Generate audio from a text prompt.
# Basic generation (music profile, 30s)
text2sound generate "ocean waves crashing on a sandy beach at sunset"
# Long music with custom settings
text2sound generate "epic orchestral battle music" -d 45 -s 120 --cfg-scale 8
# Short SFX with effects profile
text2sound generate "short alien laser shot" --profile effects -d 1.5
# Using a game-dev preset
text2sound generate --preset battle ""
text2sound generate --preset ambient "with gentle river flowing"

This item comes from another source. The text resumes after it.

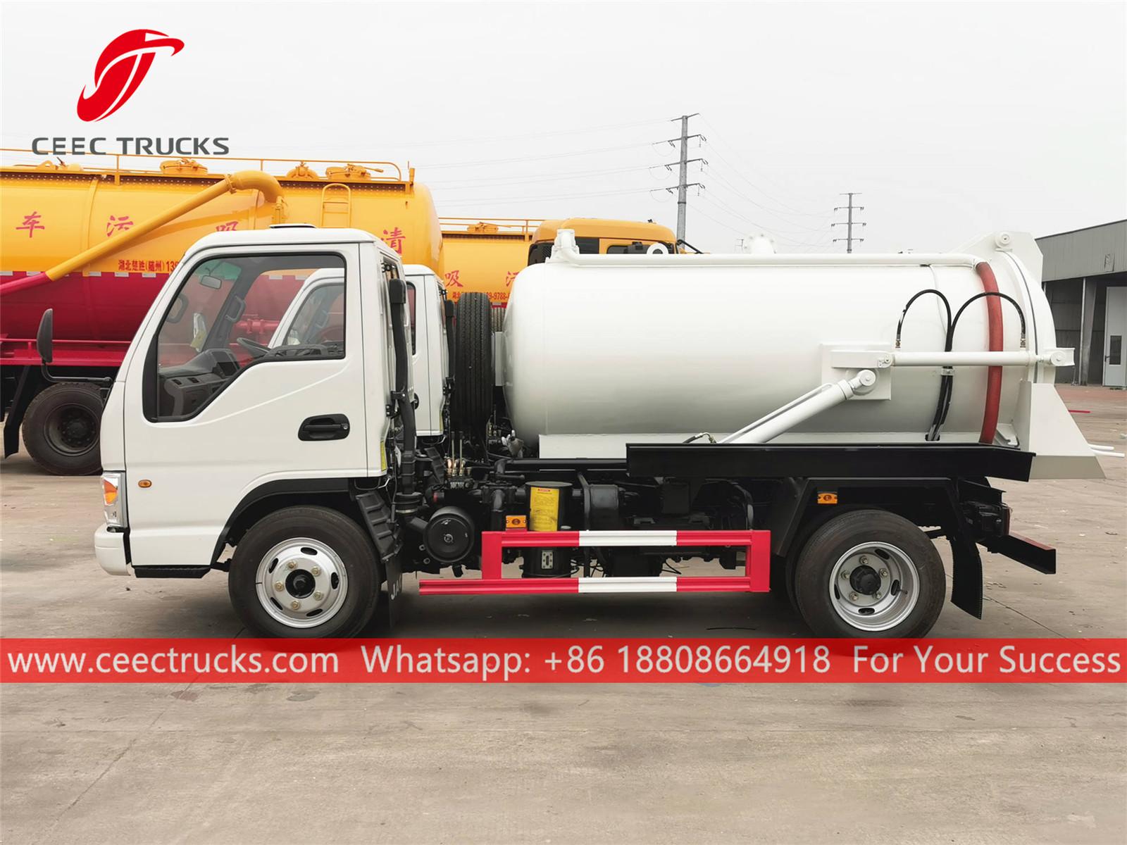 JAC 3cbm 真空タンカー トラック、左ハンドル モデル 4x2 シャーシ、5 シフト マニュアル ギアボックス、WEICHAI 130HP ディーゼル エンジン、塗装およびロゴは要件に応じて異なります。

# FLAC output with trim and seed
text2sound generate "footsteps on gravel" -d 5 -s 80 -f flac --seed 42 --trim| Flag | Type | Default | Description |
|---|---|---|---|
PROMPT |
str | required | Text description of the audio to generate |
--profile |
choice | music |
Audio profile: music or effects |
-o, --output |
path | outputs/audio/<name>.wav |
Output file path |
-d, --duration |
float | 30.0 | Duration in seconds (0.5–47 music, 0.5–11 effects) |
-s, --steps |
int | 100 | Diffusion steps (8–150) |
-c, --cfg-scale |
float | 7.0 | Classifier-free guidance (1.0–15.0) |
--seed |
int | random | Reproducible seed |
-f, --format |
choice | wav |
Output format: wav, flac, or ogg |
-p, --preset |
choice | None | Game-dev preset name (see Presets) |
--sigma-min |
float | 0.3 | Min noise schedule |
--sigma-max |
float | 500.0 | Max noise schedule |
--sampler |
str | dpmpp-3m-sde |
Sampler type |
--trim/--no-trim |
flag | trim | Remove leading/trailing silence |
-m, --model |
str | None | Model override: HF ID or alias (music, full, effects, small, sfx) |
--half/--no-half |
flag | auto | Half precision (auto-enabled on ≤8 GB VRAM) |
--low-vram |
flag | false | Low VRAM mode (auto float16, reduced settings) |
--gpu-ids |
str | None | GPU IDs for multi-GPU split (e.g., 0,1) |
--profiler |
flag | false | Record performance metrics (perf DB + JSONL) |
--quality |
choice | medium |
Quality tier (resolves params via QualityEngine) |
--category |
str | None | Asset category for automatic audio tuning (e.g., weapon, humanoid) |
Model defaults by profile:
| Profile | Steps | CFG Scale | Sampler | Max Duration |
|---|---|---|---|---|
music |
100 | 7.0 | dpmpp-3m-sde |
47 s |
effects |
8 | 1.0 | euler |
11 s |
Batch generate audio from a prompts file (one prompt per line, # for comments).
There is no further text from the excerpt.